Und dann kam es – dieses Herzrasen, die Enge im Brustkorb, die Gedanken im Karussell.

Die Panik.


Die Tür öffnete sich, und Loki trat herein. Er war noch erdig vom Wald, die Pfoten feucht, das Fell roch nach Moos und Wind. Er sprang nicht aufs Sofa. Nein. Er blieb am Boden, setzte sich einfach neben mich. Seine Augen suchten meine, fest, klar, ruhig.


Er atmete tief. Und ich versuchte, mit ihm zu atmen. Ein. Aus. Ein. Aus. Seine Ruhe zog durch den Raum wie eine unsichtbare Decke.


Und natürlich – wie immer, wenn es am schwersten wurde – tauchte Helmut auf. Diesmal trug er einen roten Mantel, wirbelte mit den Armen, als wolle er ein Feuerwerk dirigieren.


„Willkommen zur großen Abendvorstellung!“ rief er mit lauter Stimme. „Heute: Schmerzen, die man sich nicht vorstellen kann! Dazu Panikattacken in der Hauptrolle! Donnerndes Herz, brennender Rücken, zuckende Beine – alles live und exklusiv in deinem Wohnzimmer!“


Ich presste die Zähne zusammen, Tränen liefen mir über die Wange. „Helmut… hör auf. Es reicht.“


„Reichen?“ lachte er, „Ich fang doch gerade erst an! Schau, wie dein Körper gehorcht: jeder Nerv ein Instrument, jeder Muskel eine Trommel. Ich bin der Dirigent – und du bist mein Orchester.“


Loki gähnte. Laut, betont, so als wolle er sagen: Dein Theater langweilt mich, Helmut.

Dann legte er sich langsam hin, direkt neben das Sofa. Keine Dramatik, kein Bellen – nur Nähe. Seine Pfoten ausgestreckt, der Kopf schwer auf dem Boden, sein Atem tief und gleichmäßig.


Helmut hörte tatsächlich auf zu reden. Er starrte auf Loki, als würde er nicht verstehen, wie so viel Ruhe einfach den Raum füllen konnte.


Ich fixierte den Hund, klammerte mich innerlich an seinen Atemrhythmus. Mein Herzschlag begann, sich anzupassen. Das Feuer in meinem Rücken brannte immer noch, die Gliedmaßen taten weh, aber der Sturm in meiner Brust wurde leiser.


„Siehst du, Helmut,“ flüsterte ich, „du bist laut. Aber Loki ist still. Und Stille gewinnt.“


Helmut stampfte mit dem Fuß, zog seinen roten Mantel enger um die Schultern und murmelte beleidigt: „Ihr seid Spielverderber.“ Dann verschwand er in der Ecke, kleiner als zuvor.

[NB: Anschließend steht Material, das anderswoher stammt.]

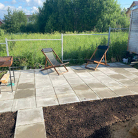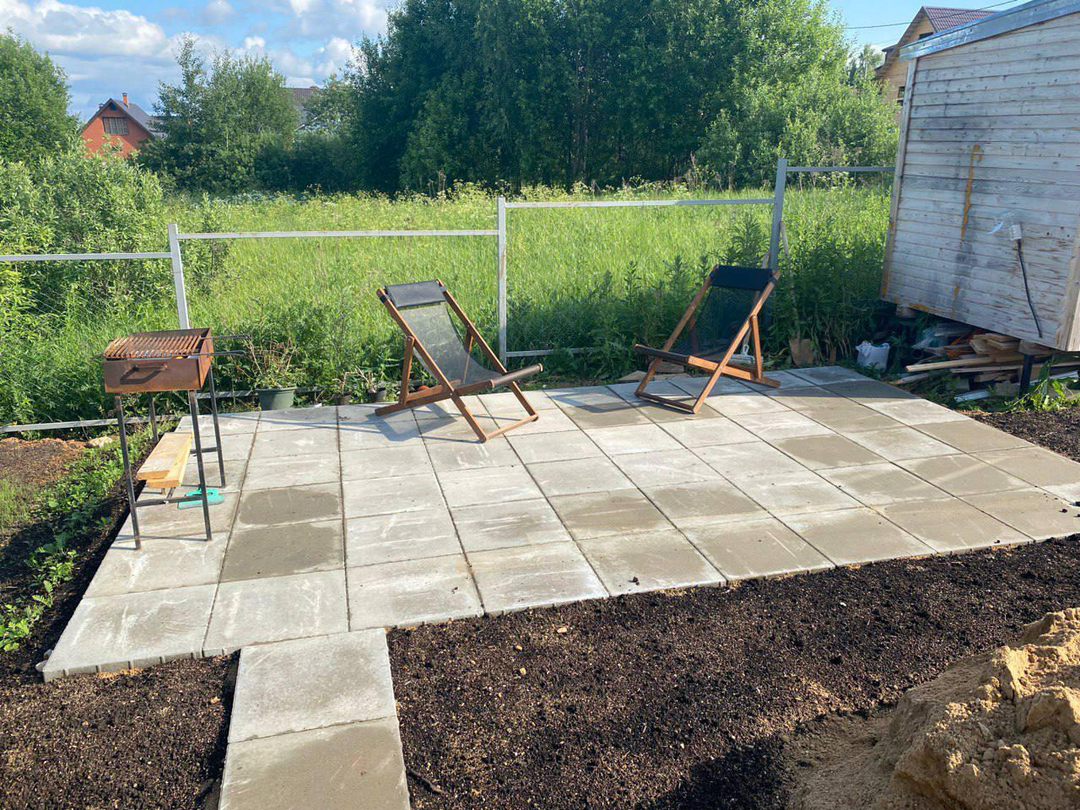 Участок- откатные ворота 6м, залита площадка на 4 авто, есть площадка под барбекю с высокой грядкой для пряных трав.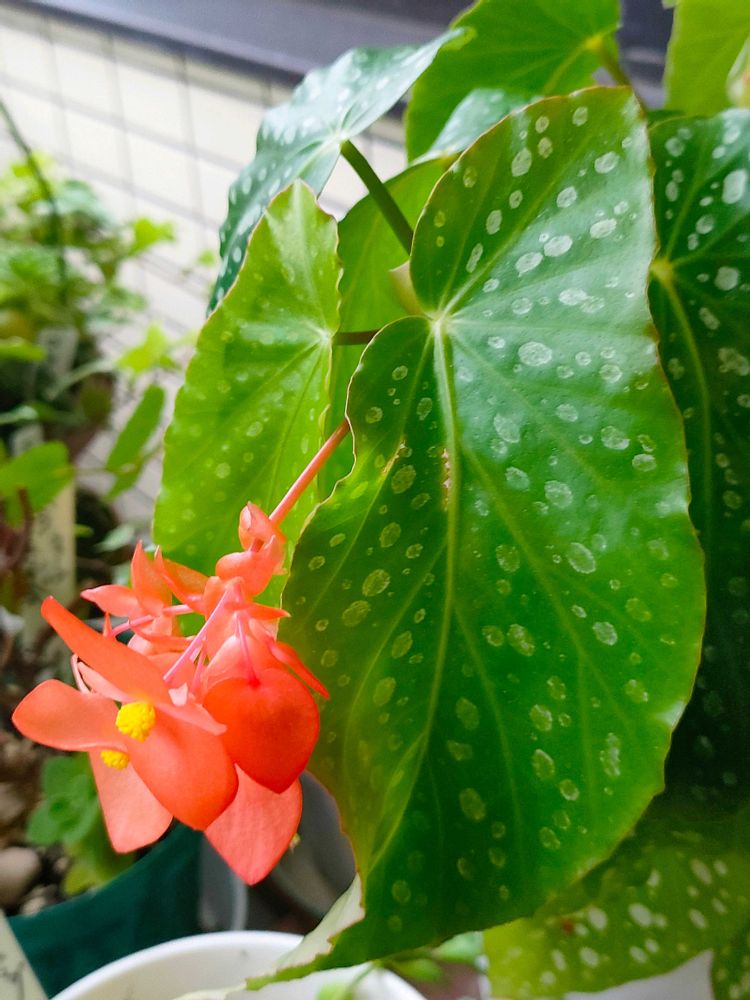 今朝ベランダの木立ベゴニアにお花🧡を見つけました。

Loki hob einmal die Augenbrauen, als wolle er prüfen, ob ich noch atmete. Dann schloss er die Augen, schnaufte zufrieden – und war einfach da.


Und so war der Boden, auf dem er lag, plötzlich auch meiner. Ein Stück Halt inmitten von Schmerz und Panik.



Fazit


Helmut bringt Schmerzen, Panik und ein Feuerwerk, das man keinem wünscht. Aber Loki bringt Ruhe, Bodenhaftung und Liebe – genau das Gegengewicht, das man in solchen Momenten braucht.

Manchmal kann man die Krankheit nicht wegschicken, aber man kann ihr den Platz nehmen. Mit Atem, mit Humor, mit einem Hund, der still am Boden liegt und damit mehr sagt als tausend Worte.